As soon as there is enough combined equity to do so – due to a rise in property values and/or the reduction in the mortgage via the two rental incomes - I sell either one of the pair, which leaves the remaining property freehold.
Result: one more freehold (unencumbered) property added to my portfolio of freehold properties.
I then consider that particular wealth cycle completed and immediately begin to look for another two acquisitions to repeat the process.
Sounds easy – well it is easy and becomes more so with experience.
However, what is worth pondering over is the comparison of the net rental return of a freehold investment property, to the net return of a smaller income producing website.
My most recent wealth cycle completion left me with a freehold 2-bedroom apartment (we call them home-units here in Australia). The property is now worth about $120,000.00 and currently rents for $125.00 per week.

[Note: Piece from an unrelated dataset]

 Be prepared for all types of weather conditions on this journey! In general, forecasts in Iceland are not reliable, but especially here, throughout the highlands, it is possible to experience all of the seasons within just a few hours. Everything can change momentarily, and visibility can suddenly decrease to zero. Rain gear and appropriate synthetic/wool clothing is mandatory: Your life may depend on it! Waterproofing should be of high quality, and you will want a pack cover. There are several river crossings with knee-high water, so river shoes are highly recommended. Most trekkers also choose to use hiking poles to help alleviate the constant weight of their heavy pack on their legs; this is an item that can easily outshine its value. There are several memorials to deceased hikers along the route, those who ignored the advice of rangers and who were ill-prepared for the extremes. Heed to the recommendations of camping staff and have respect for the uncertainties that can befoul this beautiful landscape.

A smaller website, for example, one that receives on average three or four e-book sales a week and earns a modest income from Google Adsense, can also produce $125.00 a week. So, if the return is the same and the owner’s input is negligible in both situations, why isn’t the website worth $120,000.00 in comparison?

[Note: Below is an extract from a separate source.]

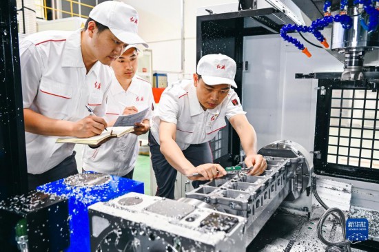 杨永修(右)在检查试制零部件的精度(6月8日摄)。杨永修是中国一汽研发总院高级技师,他攻克了高端发动机精密制造过程中的多项难关,获得全国技术能手、全国五一劳动奖章等多项荣誉。

The website owner, of course, would be extremely lucky to receive 3 - 5% of $120,000.00.
I feel that this anomaly has been partly created from the result of the dot com boom and bust cycle and partly because, in spite of all the hype, the economics of the Internet is still in its infancy.
Can cyberspace be considered real estate? Or is a website merely at best a business proposition with some added intellectual property?
Whatever the answer, I feel that Adsense (and similar programs) have underpinned both the prospective and the potential value of website valuation.
The cash flow from a few websites, each with an average return of $125.00 per week has enormous wealth creation potential for the master wealth creator. I could foresee the linking of a pair of income producing websites with a higher geared property acquisition (purchased at wholesale price), so that the monetary effect would be as if the rents of three properties were now quickly paying off the mortgage of the new acquisition. In this example two of “the properties” are in cyberspace yet it is important to understand that the net monetary effect would be exactly the same.
A couple of websites is “no big deal” - yet if one considers that those same two websites can give you a freehold income producing property approximately every five years, then the values and economics of the internet will need to be rewritten.